Data to process —
Content starts
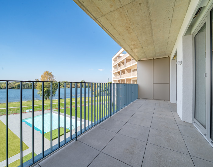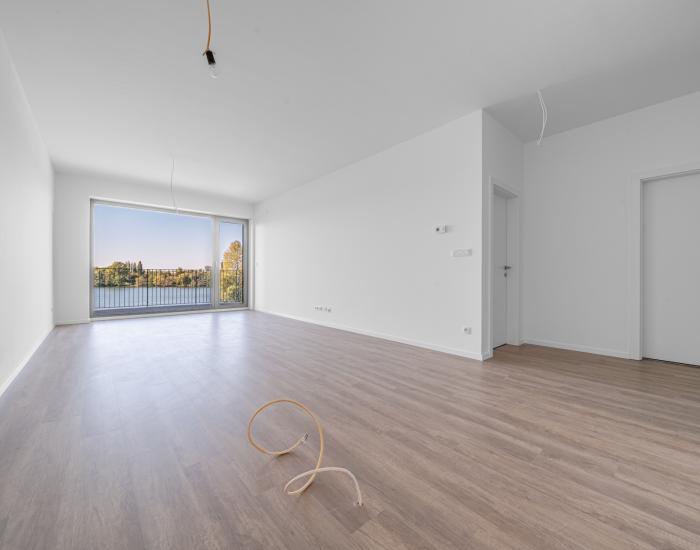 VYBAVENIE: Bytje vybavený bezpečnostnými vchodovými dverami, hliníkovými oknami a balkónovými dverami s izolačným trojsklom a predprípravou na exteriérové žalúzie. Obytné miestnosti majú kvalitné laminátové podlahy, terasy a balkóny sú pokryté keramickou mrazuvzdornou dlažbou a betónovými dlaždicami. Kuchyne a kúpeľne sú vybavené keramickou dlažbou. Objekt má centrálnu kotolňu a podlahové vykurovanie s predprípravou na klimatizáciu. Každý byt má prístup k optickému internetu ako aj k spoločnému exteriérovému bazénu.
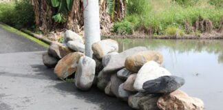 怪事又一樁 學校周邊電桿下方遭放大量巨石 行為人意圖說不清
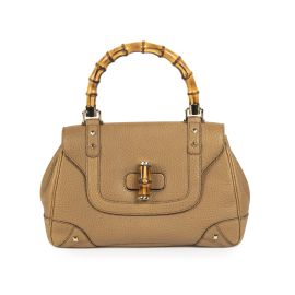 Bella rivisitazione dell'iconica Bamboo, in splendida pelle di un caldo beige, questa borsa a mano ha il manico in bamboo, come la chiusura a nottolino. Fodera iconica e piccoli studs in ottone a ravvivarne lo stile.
Content ends
Content starts
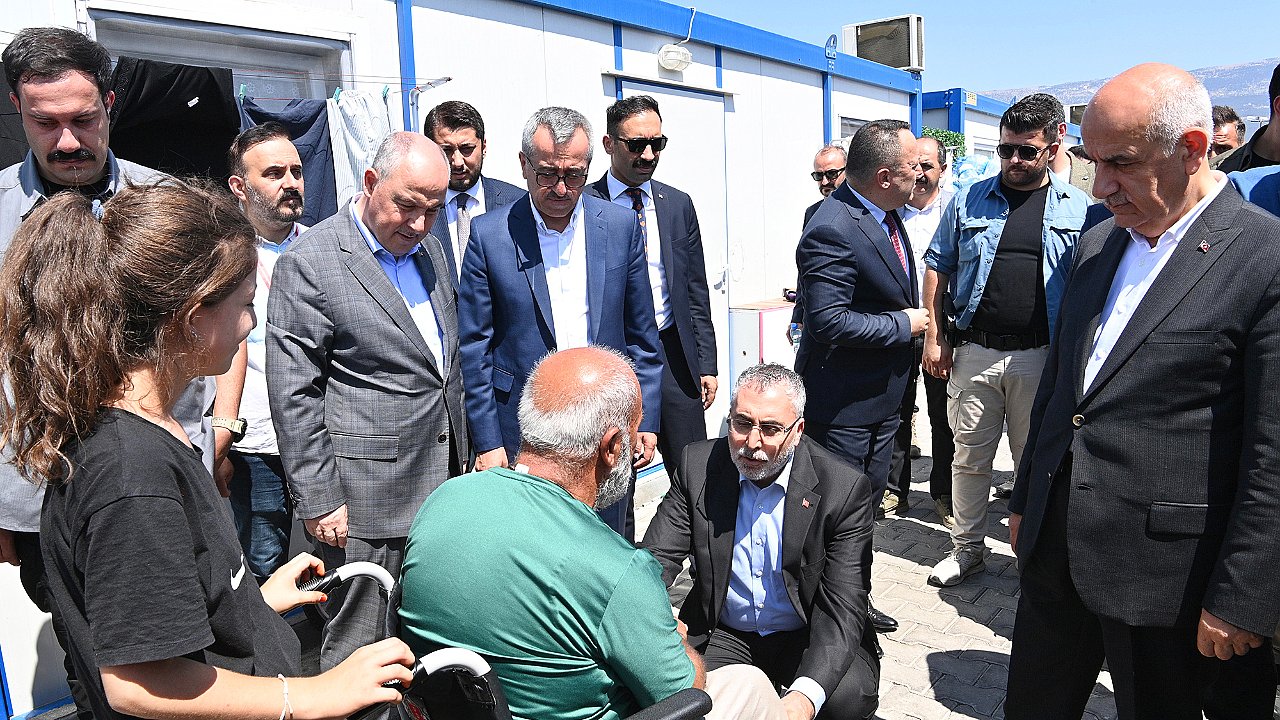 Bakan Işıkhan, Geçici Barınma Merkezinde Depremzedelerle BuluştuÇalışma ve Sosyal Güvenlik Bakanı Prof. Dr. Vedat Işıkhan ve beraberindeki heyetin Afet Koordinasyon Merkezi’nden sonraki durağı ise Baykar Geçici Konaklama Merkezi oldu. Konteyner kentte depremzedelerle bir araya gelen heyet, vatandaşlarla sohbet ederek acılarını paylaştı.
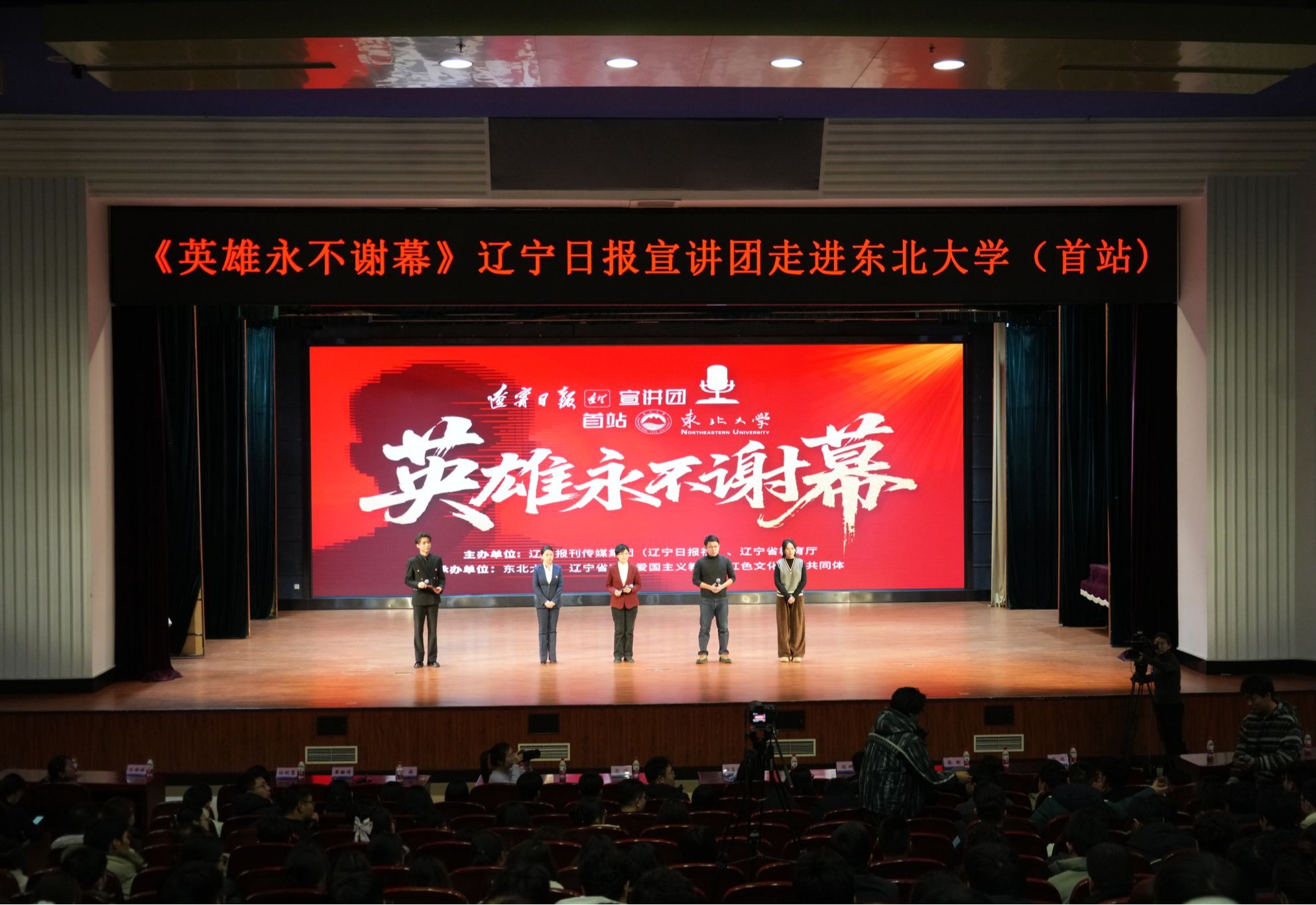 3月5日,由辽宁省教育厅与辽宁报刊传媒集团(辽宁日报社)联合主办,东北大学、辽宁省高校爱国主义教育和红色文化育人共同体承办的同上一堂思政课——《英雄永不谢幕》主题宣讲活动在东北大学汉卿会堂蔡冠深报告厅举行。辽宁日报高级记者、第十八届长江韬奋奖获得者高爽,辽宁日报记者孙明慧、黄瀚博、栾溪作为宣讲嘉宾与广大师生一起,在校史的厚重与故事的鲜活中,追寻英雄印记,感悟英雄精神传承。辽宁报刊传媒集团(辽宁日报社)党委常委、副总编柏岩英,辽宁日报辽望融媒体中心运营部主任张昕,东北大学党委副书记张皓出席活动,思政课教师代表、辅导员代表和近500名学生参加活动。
Content ends
What to work on — The lines above from the line with "VYBAVENIE: Bytje vybavený" through the line with "怪事又一樁 學校周邊電桿下方遭放大量巨石 行為人意圖說不清" are to be given again word for word, with no pictures among them.

Solution —
 VYBAVENIE: Bytje vybavený bezpečnostnými vchodovými dverami, hliníkovými oknami a balkónovými dverami s izolačným trojsklom a predprípravou na exteriérové žalúzie. Obytné miestnosti majú kvalitné laminátové podlahy, terasy a balkóny sú pokryté keramickou mrazuvzdornou dlažbou a betónovými dlaždicami. Kuchyne a kúpeľne sú vybavené keramickou dlažbou. Objekt má centrálnu kotolňu a podlahové vykurovanie s predprípravou na klimatizáciu. Každý byt má prístup k optickému internetu ako aj k spoločnému exteriérovému bazénu.
 怪事又一樁 學校周邊電桿下方遭放大量巨石 行為人意圖說不清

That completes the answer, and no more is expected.